Data extracted from a collection:
··········
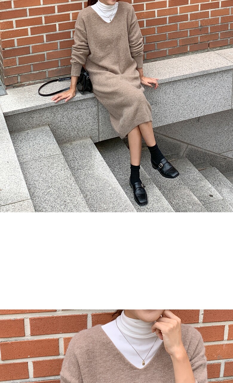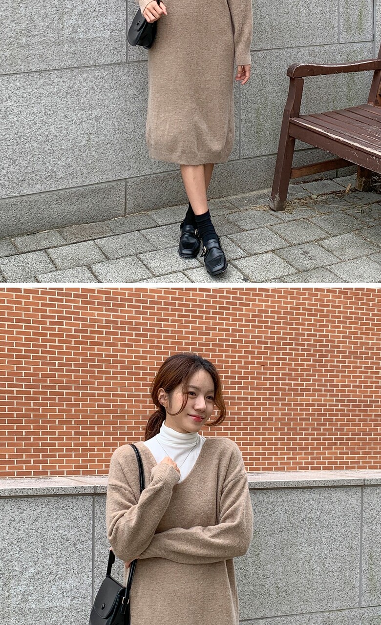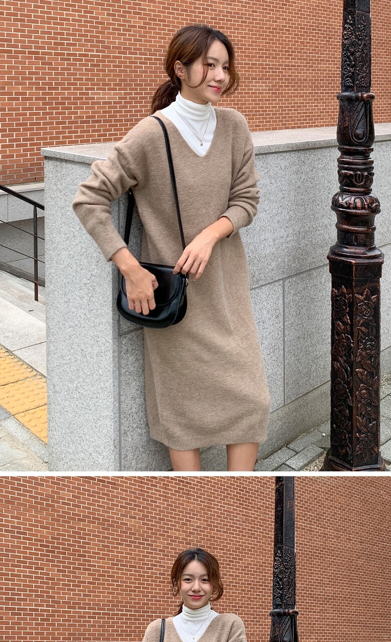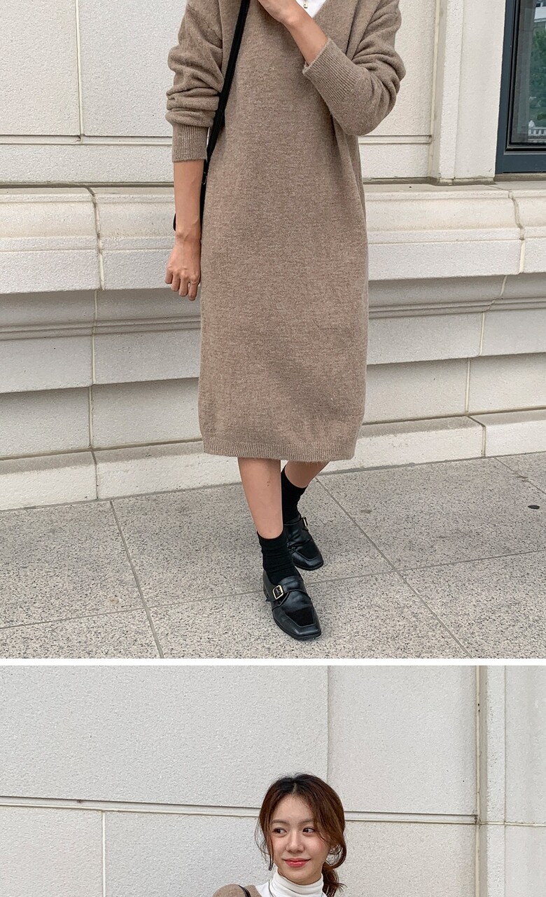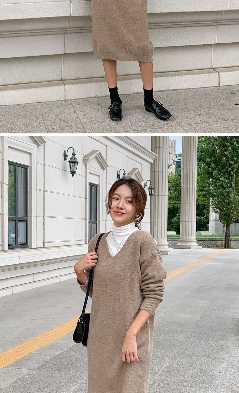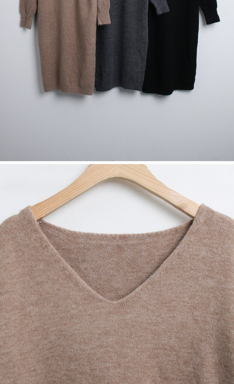 네쥬 여성 가을 브이넥 기본 무지 데일리 긴팔 롱 원피스
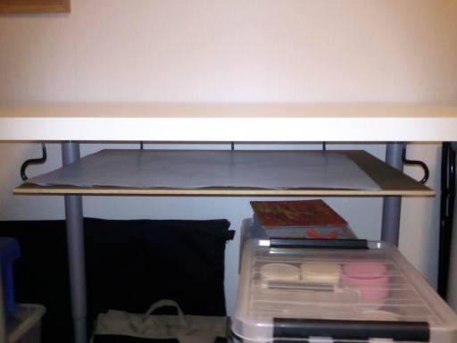 Et hop, Gurvan vient de me confectionner un suuuper casier sous le bureau, afin de pouvoir ranger mes grandes feuilles de dessin ou de peinture… Trop contente !
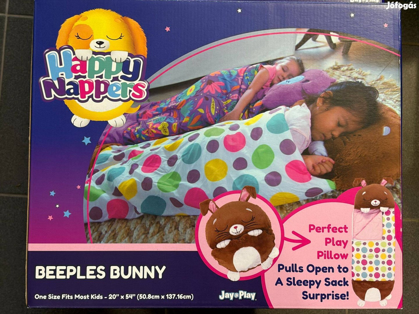 Hálózsák és párna is egyben! A hálózsák összehajtható egy párnává, ami akár plüss játékként is funkcionálhat. Mérete: 51cm x 137cm, így több korosztálynak is megfelelő lehet. Teljesen új, egyszer sem volt használva. A csomagolás bontott, megnéztük milyen. Méret miatt vissza akartuk vinni, de sajnos a blokk már nem volt meg. Van egy sünis is, ha még nem vették meg :)
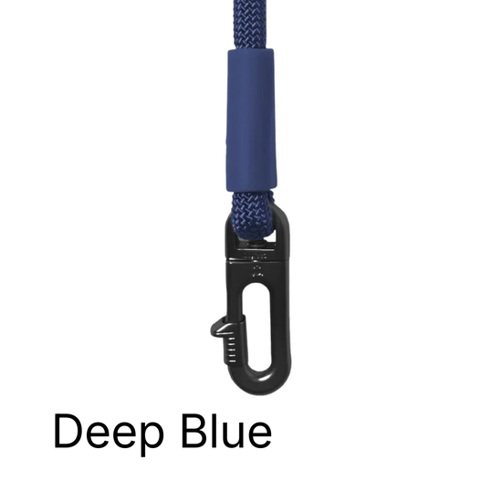 - Deep Blue: Lichtglanzend donkerblauwe lijn met bijpassende donkerblauwe clip en schuiver. Afgewerkt met een zwarte musketon en donkerblauwe siliconen details. Diep van kleur, strak in uitstraling.
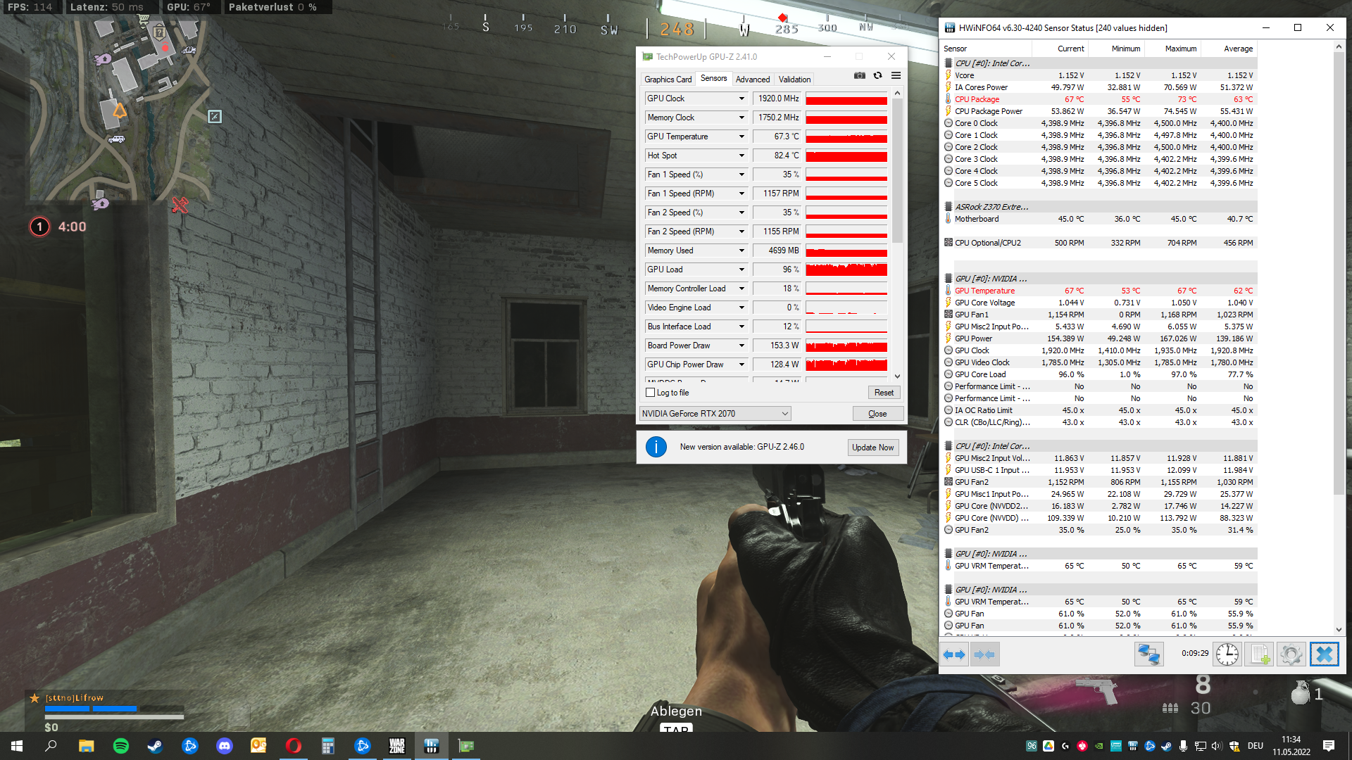 Beim zweiten Screenshot habe ich Discord im Hintergrund laufen. Das kostet mich ca. 20fps.
··········
- [TASK BRIEF]: Print every record above exactly, but no pictures.

- [EXERCISE OUTPUT]:
 네쥬 여성 가을 브이넥 기본 무지 데일리 긴팔 롱 원피스
 Et hop, Gurvan vient de me confectionner un suuuper casier sous le bureau, afin de pouvoir ranger mes grandes feuilles de dessin ou de peinture… Trop contente !
 Hálózsák és párna is egyben! A hálózsák összehajtható egy párnává, ami akár plüss játékként is funkcionálhat. Mérete: 51cm x 137cm, így több korosztálynak is megfelelő lehet. Teljesen új, egyszer sem volt használva. A csomagolás bontott, megnéztük milyen. Méret miatt vissza akartuk vinni, de sajnos a blokk már nem volt meg. Van egy sünis is, ha még nem vették meg :)
 - Deep Blue: Lichtglanzend donkerblauwe lijn met bijpassende donkerblauwe clip en schuiver. Afgewerkt met een zwarte musketon en donkerblauwe siliconen details. Diep van kleur, strak in uitstraling.
 Beim zweiten Screenshot habe ich Discord im Hintergrund laufen. Das kostet mich ca. 20fps.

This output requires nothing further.